— Посыльный, — произнесла Катя Ивановна, — вы не знаете, где находятся пароходы, справочные кассы и куда надо сесть, чтобы поехать в Россию?

— Пустое дело, мэм, — ответил, густо закашлявшись, посыльный. — Идите себе домой и садитесь куда хотите. А я, с вашего позволения, выхлопочу вам билет и занесу на дом. Так и запомните: посыльный номер семь.

— Неужели вы это сделаете? Но видите ли, в чем дело. У меня вышли контры с моим мужем. Я хочу поехать на пароходе «Амелия» вместе с миссис Дебошир. Вы можете взять мне билет на «Амелию»?

— Легче, чем плюнуть, мэм.

— Ну, так возьмите. Вот вам деньги. Вот вам документы. И знаете что? Занесите мне билет не домой, а прямо к миссис Дебошир. Ровен-сквер, десять.

— Завтра утречком, мэм, все получите в полном порядке.

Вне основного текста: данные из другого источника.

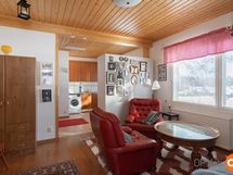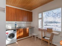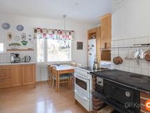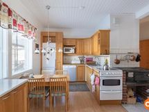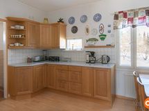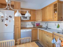 - Jääkaappipakastin, sähköliesi, liesituuletin, mikroaaltouuni, astianpesukone, kaapistot. Puuhella
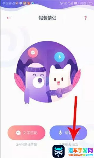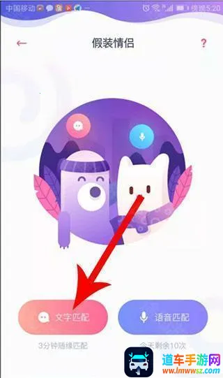 2、进入到"假装情侣"界面,点击"文字匹配"按钮。

Катя Ивановна, в восторге от своего плана, вынула блокнот, карандаш и конверт и энергически повернула посыльного спиной к себе:

— Номер семь, я на вас облокочусь на минуту… Вот так. Мне хочется написать письмо мужу.

Она вывела кривыми буквами на спине посыльного:

«Василов! Ты нуждаешься в уроке, и потому вот тебе мои собственные инкрустации: я еду на „Амелии“ с миссис Дебошир. Домой больше не вернусь. Уложи все мои вещи, лиловое платье и ноты для пения. Надеюсь, ты тоже поедешь на „Амелии“, в противном случае мы встретимся на пристани в Кронштадте.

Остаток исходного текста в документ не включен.